Mon lecteur connaît peut-être le phénomène. Imaginons que j’ai un rendez-vous à 15 h. Il me faut dix-sept minutes pour y aller donc disons vingt pour être large, plus trois minutes pour attacher mon vélo, plus trois pour respirer… Avec une marge, je dois démarrer à 14 h 20[1].

Donc dès 12 h 30, j’arrête de faire quoi que ce soit d’autre, et j’attends.

 

Attendre

Le « waiting mode », littéralement « mode attente », c’est la compulsion irrésistible de ne surtout rien commencer ni faire de trop prenant avant un événement planifié. Plus précisément, cela désigne le fait que chez certaines personnes, ce mode se déclenche des heures et des heures avant l’événement prévu, les paralysant pour ainsi dire. Ce phénomène est plus courant chez les personnes neurodivergentes : TDAH, autistes, personnes souffrant de dépression ou d’anxiété, …

 

Les causes

Elles ne sont pas très bien identifiées car d’une part personne ne s’est encore amusé à étudier sérieusement la question, et d’autre part elles semblent varier un peu d’une personne à l’autre. Mais voici quelques grandes lignes :

- L’anxiété joue un rôle majeur. Si l’on se retrouve bloqué à ce point, c’est surtout par peur d’oublier l’événement important ou de s’y rendre avec du retard.

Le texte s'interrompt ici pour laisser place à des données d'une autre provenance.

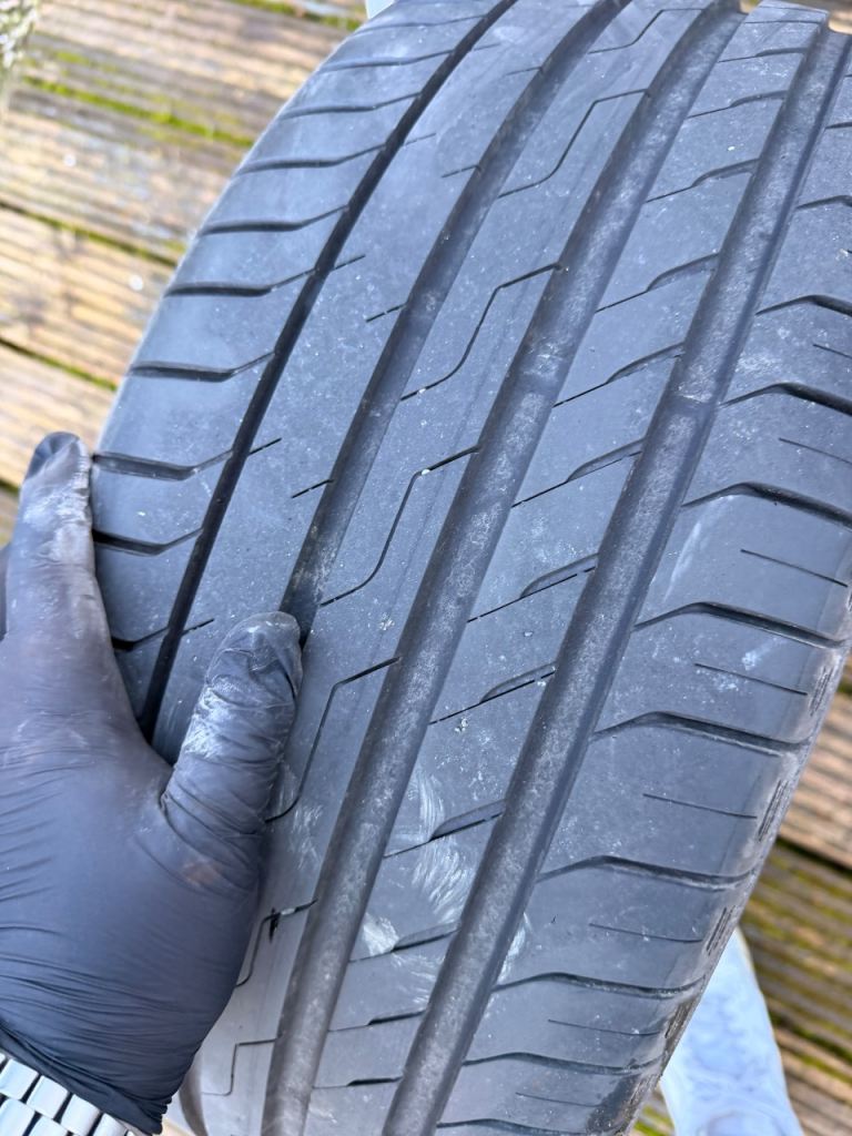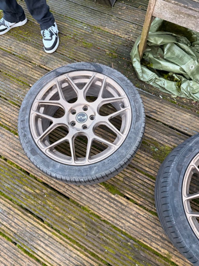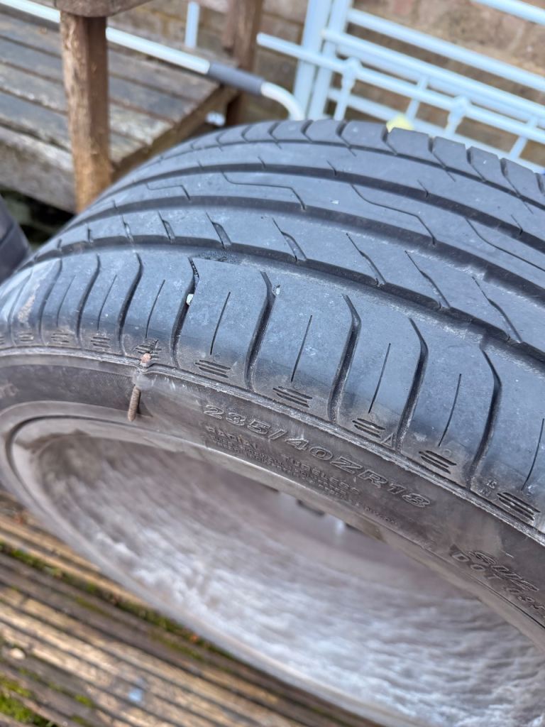 All wheels are in perfect condition with no marks all tyres have like new tread but one tyre has a nail see pics I do have a spare tyre if needed tyre size on wheels are 235/40R18 collection only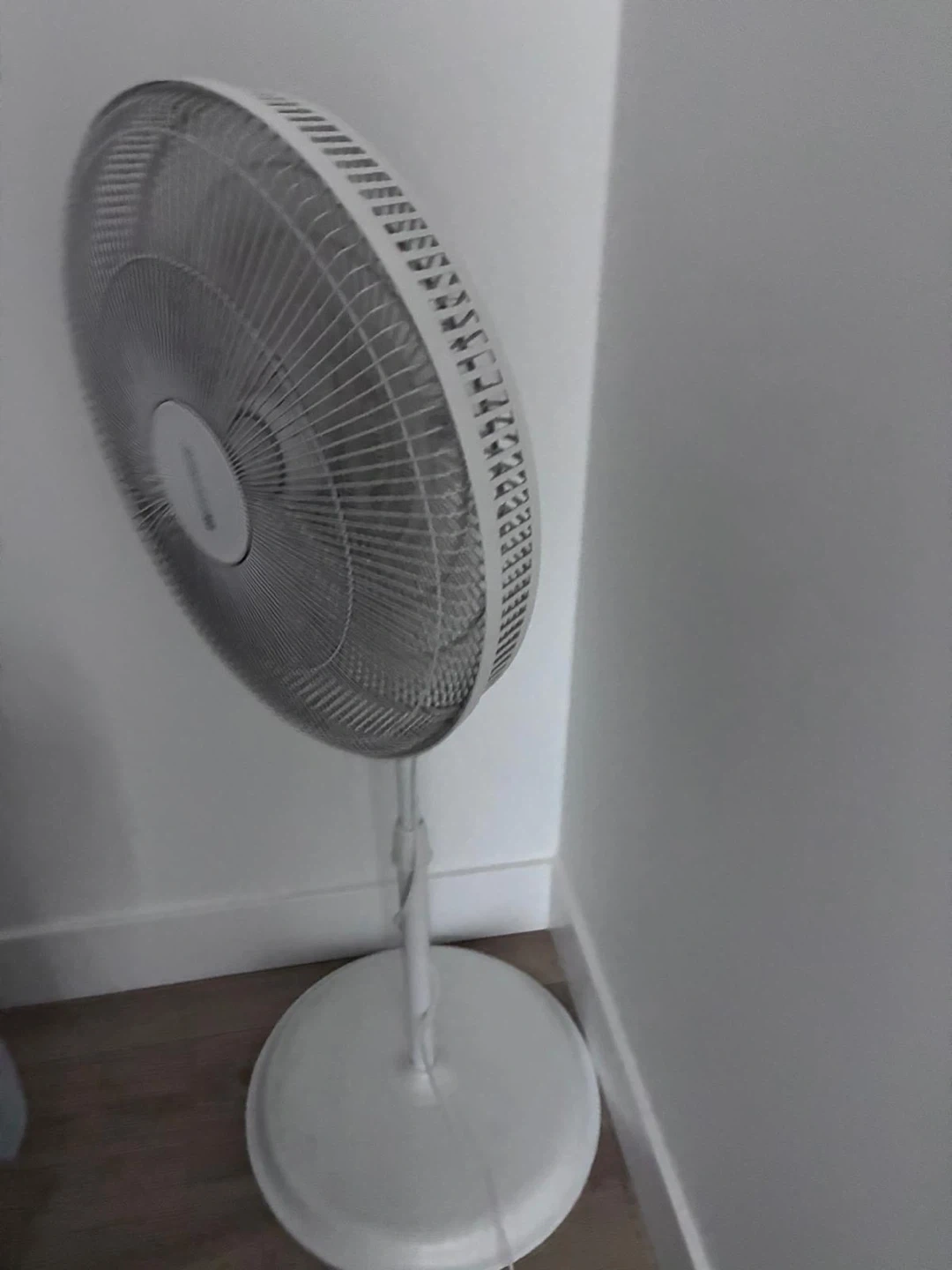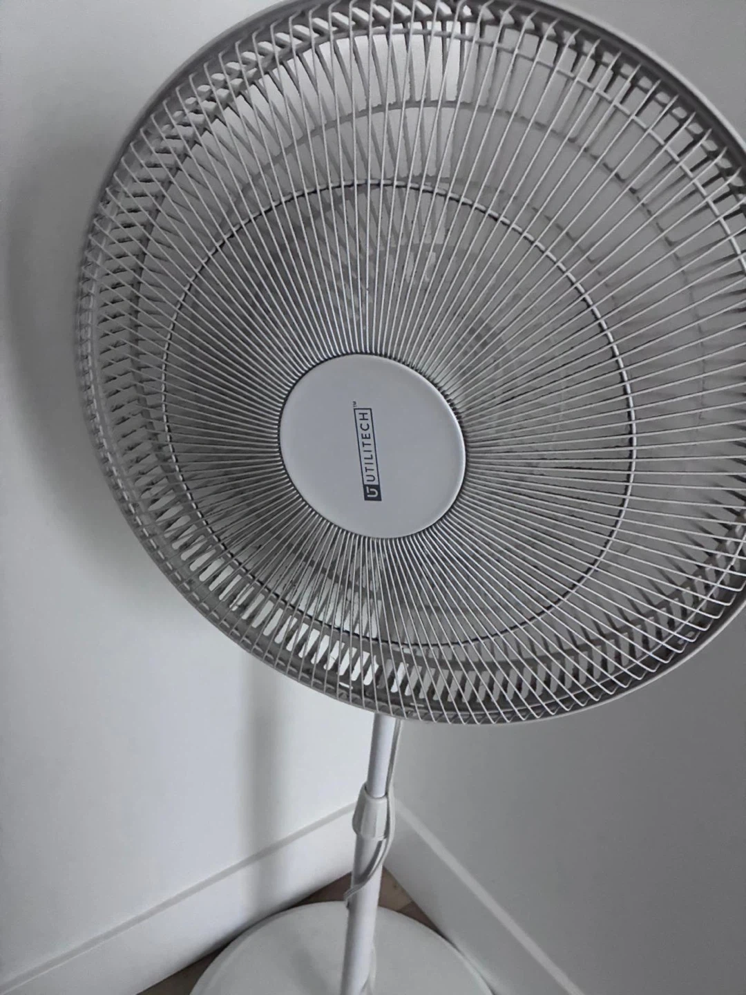 This Utilitech pedestal fan is white. It has a sturdy base and adjustable height. Keeps your space cool and comfortable!

- Notre perception du temps peut manquer de précision. Le trouble de l’attention (TDAH) est souvent décrit par ceux qui en souffrent comme une sorte d’incapacité à percevoir le temps « normalement » : il peut s’étirer ou au contraire disparaître à toute vitesse, selon la situation. La question mériterait un article à elle toute seule, mais chez les autistes aussi, la capacité à percevoir le temps qui passe peut parfois être perfectible (l’une des raisons pour lesquelles utiliser un timer pour nos activités est si utile). On peut donc en arriver à se dire que d’être prêt deux heures avant sa visio n’est pas farfelu.

- La dysfonction exécutive qui fait son grand retour. Je renvoie mon lecteur vers notre article du 23 juin 2021 traitant de la question en détails, mais cette dysfonction impacte en gros la capacité d’une personne à accomplir des tâches et les hiérarchiser. La personne peut avoir du mal à bien se représenter toutes les étapes nécessaires à l’accomplissement de sa tâche (par exemple allumer son ordinateur, lancer le programme de visioconférence, se servir un verre d’eau, s’assurer qu’elle soit présentable, changer de pièce, etc) et de ce fait préférer ne rien faire d’autre pendant une longue période précédant l’heure du rendez-vous, juste histoire d’être sûre. Elle peut aussi, à cause de l’anxiété de l’évènement approchant, avoir du mal à estimer toutes les étapes constituant une activité qu’elle aimerait faire en attendant, et donc ne pas oser la démarrer de peur que cela prenne trop de temps.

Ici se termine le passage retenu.